Slow Flowers community
The divide between gardening and floristry is disappearing. More of our Slow Flowers members — growers and farmer-florists alike — are finding new revenue opportunities by helping their customers access cutting garden plants. One respondent to the 2022 Slow Flowers Member Survey described her diversification efforts this way: “We’re offering education, tips and tricks for customers interested in growing their own cut flower gardens.”
Here are a few successful examples of grow-your-own-flowers initiatives:
Sarah Buerkley of Sarah’s Cottage Creations Flower Farm in Stillwater, Minnesota, offers full-service cutting garden design services to her landscape design clients. Jen Healy of J&B Garden Center in Albany, Oregon, markets cut garden plant collections to home gardeners, curating the best annuals for her region’s cultural conditions.
The team at Stone Barns Center for Food and Agriculture, in Pocantico Hills, New York, has introduced a “Cut Flower Gardening Kit” for members and CSA subscribers. Last year, the kits included plants and compost for two 3-by-7 foot beds. With a collection of cutting garden plants curated by Blue Hill Restaurant at Stone Barns’ resident florist, Philippe Gouze, along with a sample planting plan. The kits appealed to home-bound foodies, many of whom never before considered growing flowers in their vegetable garden.
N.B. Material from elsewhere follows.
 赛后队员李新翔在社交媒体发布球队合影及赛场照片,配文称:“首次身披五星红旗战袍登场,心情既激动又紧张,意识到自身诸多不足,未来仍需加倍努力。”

Beyond the pale- featuring garden roses, rose hips, echeveria, oak foliage, scabiosa and dahlias, this vivid wedding bouquet was designed by Margaret Lloyd of Santa Barbara-based Margaret Joan Florals. Photo by Grace Katherine Photography.
You and your business
Package your expertise in crop planning, seed selection and design. It’s just smart business to empower your customers to grow anything — it will make them appreciate your farming talents even more. Integrate this insight into your existing business model, whether you develop a scalable planting plan for customers (by theme, season or palette) or sell the plants and seeds as a new product offering.
There is no downside to teaching someone to appreciate growing their own flowers. In doing so, you’ll unlock a new passion and expand the awareness of local and seasonal flowers in your marketplace.
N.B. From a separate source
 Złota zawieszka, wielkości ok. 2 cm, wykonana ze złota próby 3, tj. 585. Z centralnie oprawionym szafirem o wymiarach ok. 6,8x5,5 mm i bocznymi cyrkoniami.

3. Supply chains boost local
At the consumer level, we’re seeing a resurgence in hyper-local pride as people want their purchases to benefit businesses in their communities. As one writer put it: “I didn’t really need to source from China; I had everything right here.” COVID threatened and disrupted the global supply chain for all businesses; the answer for many flower farmers and florists is in their own backyard. More of us are motivated to seek out and forge new relationships and in the process, we’re all becoming more vocal Slow Flowers and local farming advocates.
The larger culture
Frustrated by delays, empty shelves, and online backorders, there’s a return to local, small businesses, female- and BIPOC-owned enterprises. With this new orientation comes a parallel shift to support local businesses so they continue thriving to enhance and enrich community. As container ships drift offshore and the global supply chain witnesses unprecedented delays, continuity and consistency (and cheaper prices) are no longer available through imported goods, including flowers. Consumers are noticing this, too.
In 2021, Slow Flowers partnered with the National Gardening Association and GardenResearch.com to include cut flower questions in the 2021 National Gardening Survey. The findings were published in April, revealing encouraging national attitudes about local and domestic cut flowers. Fifty-seven percent of survey respondents say it is very or somewhat important to them that the flowers they purchase are grown in the U.S., while 58 percent say it is very or somewhat important that the flowers they purchase are locally grown.
In 2022, Slow Flowers will again partner with NGA to dig deeper into attitudes and consumer behavior. This time around, we’ll be asking where people buy their local and domestic flowers. We can’t wait to share those findings in April 2022.
Slow Flowers community
Our survey found that 48 percent of Slow Flowers members diversified their sourcing practices in 2021, with 54 percent saying they grow between 76 to 100 percent of the flowers used in their own design work. “I have expanded the volume of flowers I’m growing and started buying more from other farms,” one grower noted. And this comment reveals creativity from constraints: “We really pushed through the flower shortage and just tried different flowers and combinations of flowers, and our clients loved the results. At the end of the day, we embraced the challenge and our creativity flourished.”
You and your business
Drive home the LOCAL message to your current customer base and to new markets. Market the harvest beyond cut flowers. Can you diversify into non-floral agriculture, or offer services that connect with (often repeat) customers? New channels and new ways to engage customers throughout the year add up to new cash flow.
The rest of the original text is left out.